ANGPTL4 overexpression is associated with progression and poor prognosis in breast cancer

Jing Zhao 1, Juntian Liu 1, Nan Wu 1, Hailian Zhang 1, Shichao Zhang 1, Lijuan Li 1, Meng Wang 1,
PMCID: PMC7399784  PMID: 32782569

Abstract

The aim of the present study was to analyze the expression levels of angiopoietin-like 4 (ANGPTL4) in breast cancer to investigate the association between ANGPTL4 and breast cancer. Immunohistochemistry was performed on formalin-fixed paraffin-embedded tissues, including 205 invasive ductal carcinoma (IDC) of no special type, 40 normal breast, 40 atypical ductal hyperplasia (ADH) and 40 ductal carcinomas in situ (DCIS) tissues. The non-parametric Kruskal-Wallis test was used to evaluate the differential expression of ANGPTL4 and clinicopathological parameters in breast cancer. Kaplan-Meier analysis and Cox regression analysis were used to evaluate the association between the expression levels of ANGPTL4 and the prognosis of breast cancer. The results revealed that ANGPTL4 expression was higher in IDC (63.4%; 130/205) compared with in normal breast tissues (17.5%; 7/40), ADH (30%; 12/40) and DCIS (37.5%; 15/40). The clinical significance of ANGPTL4 expression was analyzed in a total of 205 IDC tissues, and high expression levels of ANGPTL4 were positively associated with pathological stage (P<0.001), tumor size (P<0.001), histological grade (P<0.001), lymph node metastasis (P<0.001), distant metastasis (P<0.001) and local recurrence (P<0.001). Kaplan-Meier analysis revealed that patients with high ANGPTL4 expression had a shorter overall survival (OS; P<0.001) and disease-free survival (DFS; P<0.001) compared with patients with low ANGPTL4 expression. Multivariate Cox regression analysis revealed that ANGPTL4 was an independent prognostic factor for breast cancer OS (P=0.034) and DFS (P=0.011). The results of the present study demonstrated that ANGPLT4 was associated with malignant progression and poor prognosis of breast cancer, suggesting that ANGPLT4 may be a novel therapeutic target for breast cancer.

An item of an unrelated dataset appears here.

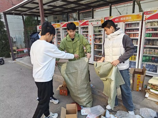 活动前期,学院志愿者团队通过网络进行广泛宣传,引导同学们积极参与废品回收活动,并了解垃圾分类和资源回收的重要性。活动期间,志愿者来到B3、A17宿舍楼下,收集同学们积攒的废品,包括塑料瓶、废纸、快递盒等。同时,志愿者们还耐心讲解废品回收与分类知识,引导同学们正确分类。收集到的废品经过统一分类整理后,由志愿者们运送到繁星广场进行称重回收。活动的收益将无偿捐献给公益组织,为公益事业添砖加瓦。

Keywords: angiogenesis, angiopoietin-like 4, breast cancer, prognosis

Introduction

Breast cancer is a complex and heterogeneous disease, and it is the most common type of cancer and the most frequent cause of cancer-associated mortality among women worldwide (1,2). Although there has been a rapid development of therapeutic modalities that resulted in a ~38% decreased mortality rate, patients with metastasis and local recurrence continue having a poor prognosis (3). The degree of malignancy, prognosis and treatment failure is associated with numerous factors, including the existence of stem cells, GTPases and angiogenesis (46). Angiopoietin-like 4 (ANGPTL4) is a protein belonging to the ANGPTL family that was discovered in 2000 (7,8). ANGPTL4 is involved in regulating angiogenesis, fat metabolism, energy homeostasis, redox reactions, inflammation and endothelial cell integrity, which is associated with complex protein structures (9,10). ANGPTL4 serves an important role in tumor-associated activities, such as tumor cell motility and invasiveness, cell migration, endothelial cell function, vascular leakage, neoangiogenesis and cell adhesion and motility, by interacting with matrix proteins in a variety of solid tumors (9). ANGPTL4 has been reported to prevent lung carcinoma and melanoma metastasis via the inhibition of vascular permeability and tumor cell motility and invasiveness (11). By contrast, Chen et al (12) reported that ANGPTL4 is involved in gastric cancer (GC) cell proliferation, apoptosis and metastasis in vitro, suggesting that it may act as a novel potential therapeutic target for patients with GC. High ANGPTL4 expression is associated with poor prognosis in oral cancer (13). Conversely, ANGPTL4 expression is lower in hepatocellular carcinoma tissues than in non-tumor tissues (14). For other tumors, such as colorectal cancer and renal cell cancer, studies have reported that ANGPTL4 promotes venous invasion and distant metastasis (15,16). Although ANGPTL4 appears to serve a controversial role in a number of tumors, there is currently no effective targeted therapy against ANGPTL4.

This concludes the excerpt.